The jats ends up being called jats.jats, this can be fixed easily. You still need to figure out what needs to be changed for parsing at your journal...

iandol commented 1 month ago

For scrivomatic to use jats you need to add a JATS recipe to pandocomatic.yaml, this is mine for example:

https://github.com/iandol/dotpandoc/blob/master/pandocomatic.yaml#L67

bokamm commented 1 month ago

Wonderful!! Thank you so much. I tried it with an existing article and it worked fine. It seems the reason figures are not displayed is a code issue in the plugin used by OJS: https://github.com/asmecher/lensGalley/pull/69 I tried to adjust the code myself (as the pull request has not been implemented) but this results in an error. So, the JATS files seem to work, it is the OJS platform/plugins that cause issues (we are on the latest release and it seems many plugins are still not updated...). Anyway, thank you so much! Can I offer a coffee or something?

iandol commented 1 month ago

Hi, glad you got it working. I may make a post on the forums outline the details to get JATS working. I'll make some tweaks to scrivimatic docs to mention this also later...

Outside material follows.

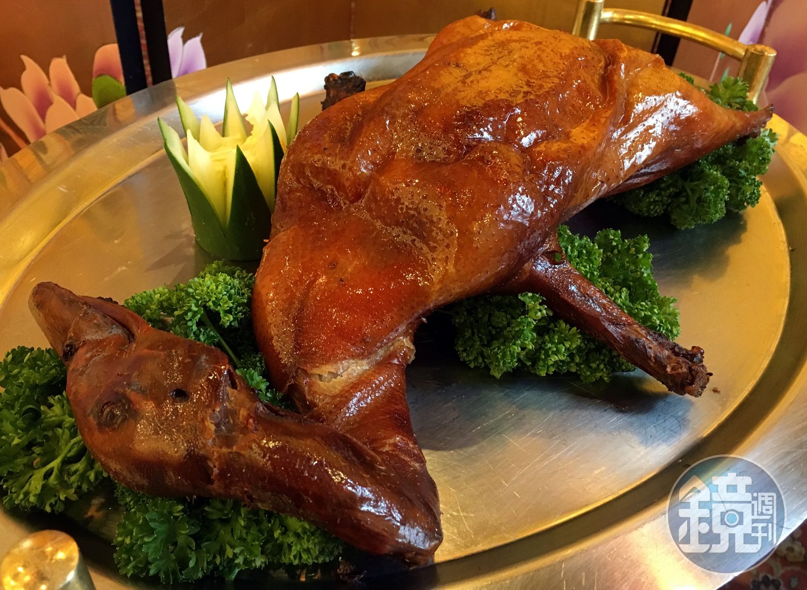 「天成大飯店TICC 世貿會館」的烤鴨之所以頗受好評,是因為主廚特選宜蘭3公斤以上的肥美櫻桃鴨,以掛爐烘烤的手法製作,精準掌控火候,讓鴨皮喀滋酥脆,肉質卻依舊嫩甜,搭配自製的麵餅皮,刷匙甜麵醬、夾上青蔥,滋味更有層次。

Coffee welcome, if these work for you: paypal.me/iandol ko-fi.com/iandol.

bokamm commented 1 month ago

Thank you again so much! Coffee went out!

bokamm commented 2 weeks ago

Hallo again! I just wanted to report a follow-up because I got the references to be displayed (or at least found out what the issue was. I used as CMoS-style.csl for the references and they are rendered like below in the jats XML: `

<mixed-citation>Koljonen, Johanna, Jaakko Stenros, Anne Serup Grove,  
Aina D. Skjørnsfjell, and Elin Nilsen, eds. 2019. <italic>Larp  
Design: Creating Role-Play Experiences</italic>. Copenhagen:  
Landsforeningen Bifrost.</mixed-citation>  

`

However, jats XML needs references to be listed with a lot of sub-items, like below: `

<element-citation publication-type="book">  

  <person-group person-group-type="author">  

    <name>  

      <surname>Koljonen</surname>  

      <given-names>Johanna</given-names>  

    </name>  

    <name>  

      <surname>Stenros</surname>  

      <given-names>Jaakko</given-names>  

    </name>  

    <name>  

      <surname>Grove</surname>  

      <given-names>Anne Serup</given-names>  

    </name>  

      <name><surname>Skjørnsfjell</surname>  

      <given-names>Aina D.</given-names>  

    </name>  

    <name>  

      <surname>Nilsen</surname>  

      <given-names>Elin</given-names>  

    </name>  

</person-group>  

<year>2019</year>  

<source>Larp design: creating role-play experiences</source>  

<publisher-name>Landsforeningen Bifrost</publisher-name>  

<publisher-loc>Copenhagen</publisher-loc>  

</element-citation>  

`

I found this very old project which proved a jats-appropriate csl: https://github.com/mfenner/pandoc-jats However, it adds another nested label for the citations and reference list: <xref alt="1" rid="ref-koljonen.etal2019" ref-type="bibr">1</xref>

`

<ref id="1"><label>1</label> <element-citation publication-type="book"><person-group person-group-type="author"><name><surname>Koljonen</surname><given-names>Johanna</given-names></name></name><name><name><surname>Stenros</surname><given-names>Jaakko</given-names></name></name><name><name><surname>Grove</surname><given-names>Anne Serup</given-names></name></name><name><name><surname>Skjørnsfjell</surname><given-names>Aina D.</given-names></name></name><name><name><surname>Nilsen</surname><given-names>Elin</given-names></name></person-group><article-title>Larp design: creating role-play experiences</article-title><publisher-name>Landsforeningen Bifrost</publisher-name><publisher-loc>Copenhagen</publisher-loc></element-citation> </ref>

`

I cleaned the code (search & replacing the < etc. with correct HTML tags for < > and ", removing a redundant pair and got it to work, but if an article has a long reference list, this is too much work. Especially, if I also need to adjust each in-line citation and remove all the nested ref tags.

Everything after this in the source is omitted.